I was talking to a friend about a requirement to “measure” cyber essentials compliance. Now if you know a thing or two about standards and applying standards to complex technology environments you might come up with:
- Can’t we just script a checker?
- Don’t we have all the audit data in the *checks notes* 1000 inventory systems we have?
Well sure, you could write a massive set of rules which ignore any context and try and cater for a huge number of different scenarios. You could use the Q&A approach as well (which is how the standard workbook works anyway so that already exists). But let’s say you are an IT manager, and you want to KNOW how your environment stacks up!
The question is simple, it’s easy to ask, look:
- “How compliant are we against Cyber Essentials?”
See easy peasy, but the answer.. oh now there is a more complicated question. Why is it so complicated Dan? Well glad you asked (ok weird talking to myself blog, let’s roll with it!). It’s complicated beacuse of this reality.

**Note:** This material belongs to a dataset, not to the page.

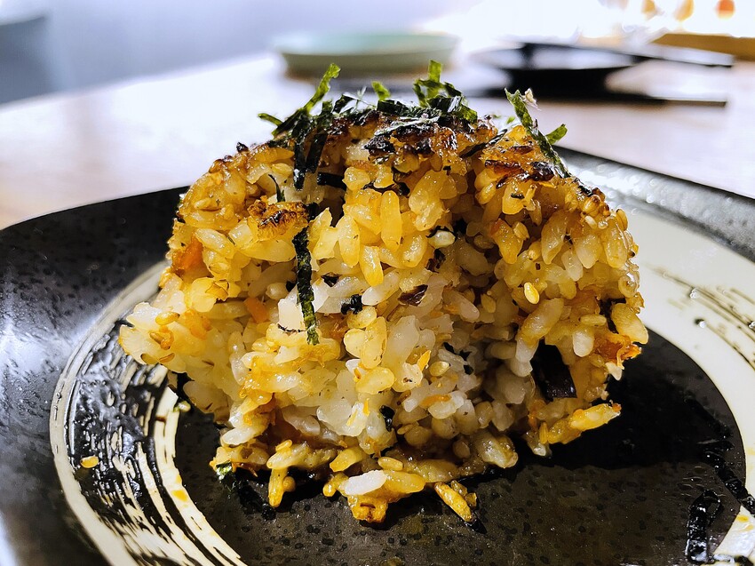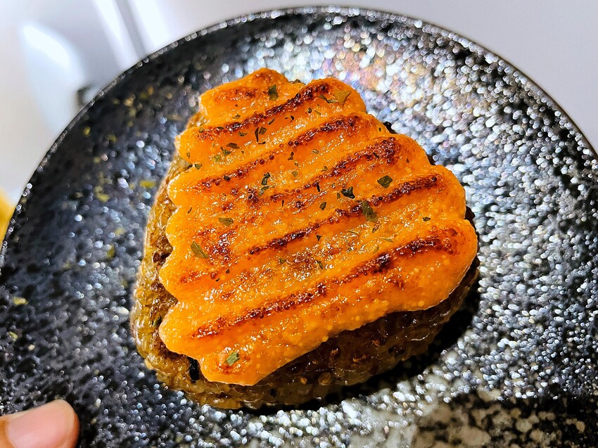 明太子飯糰米飯經過火烤外層變的微微硬脆焦香迷人搭配靈魂明太子醬風味更添層次~

Each device has a range of configuration models e.g. domain joined, workgroup, remote, agent managed, BYO etc. and each device class (PC, Server, Router, Switch, Printer) has different interfaces for interogation and management. Combine this with contextual questions such as: is all software authorised? are all firewall rules authorised with a documented business case? Are all critical patches deployed within 14 days of vendor release? Have default passwords been changed?

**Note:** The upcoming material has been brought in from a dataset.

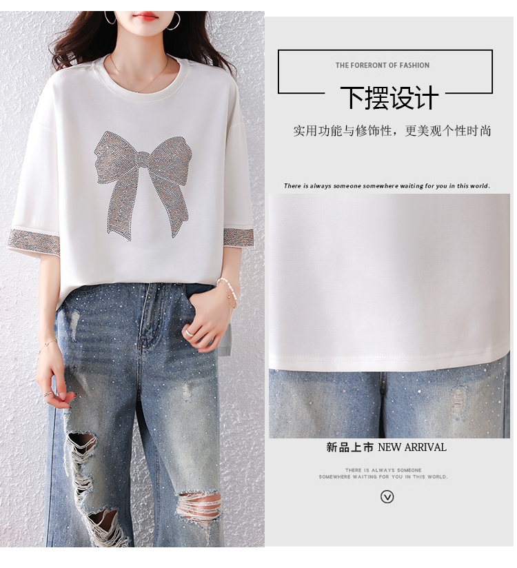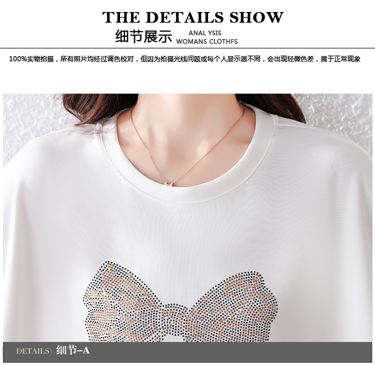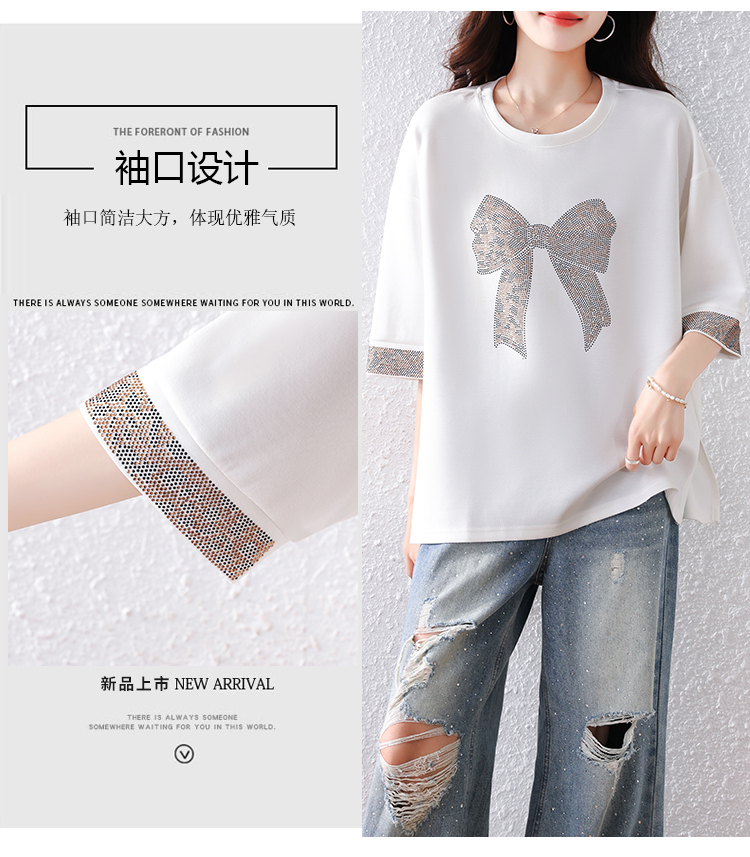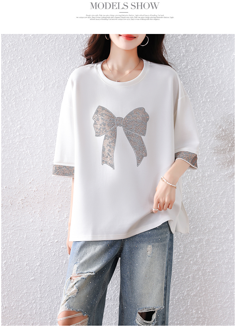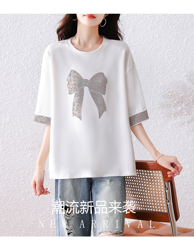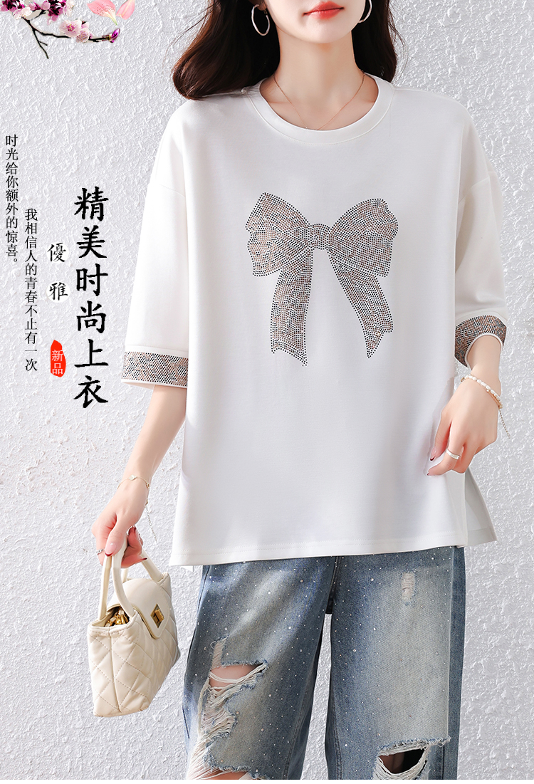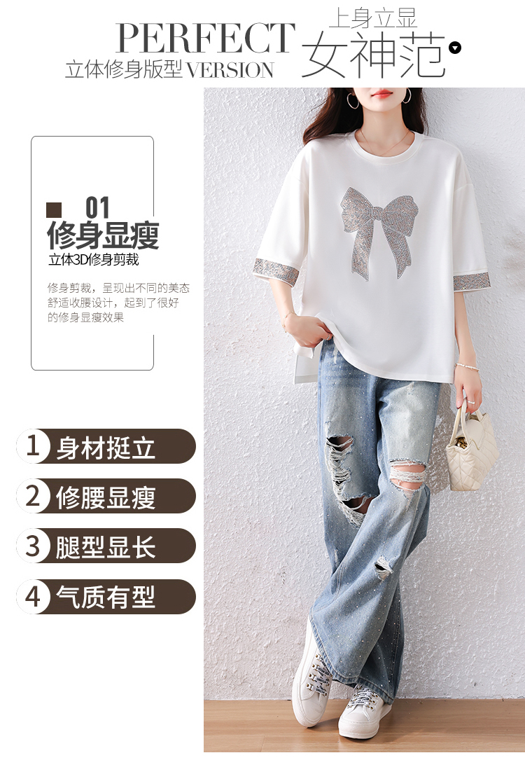 RY1627# 实拍2026夏季新款胖妹妹时尚减龄宽松遮肉显瘦重工烫钻T恤上衣、

Now let’s add this auditing matra into it:
- Tell me
- Show me
- Prove it!
You hopefully are starting to see that diveristy of technology, deployment options, ease of access, phyiscal and logical limitations etc. paint a picture where it’s not se easy to “simply measure”.
So how do we attempt to measure the current state?
Well to do that i would suggest you need a range of activiites which inlude:
- Evidence Review
- Configuration Reviews
- System Reviews
You can use tools to suppor this but the process of assessment is a human one. Context is king and data alone doesn’t provide that. However, if anyone has tried to not only review but remiate an environment to meet a standard (or simpy the standard of good practise) you will know that it takes time, engergy, comms, planning and technical skills. To help support this process I’ve made a dashboard and tracking tool. It’s not a like for like reproduction of every CE requirement, it’s an abstraction designed to support mangement and tracking but also by being simple enough to not create an incredibly compex tracking overhead.
And because this takes time, we have a tracker over time to measure progress! Also don’t forget you might find more assets as you go, or configurarions may fall backwards against the standard! so we’ve got a way of tracking this:
So there you go, some ideas about how to track against standards in a meaningful manner without tracking every registry key, policy, mdm configuration etc.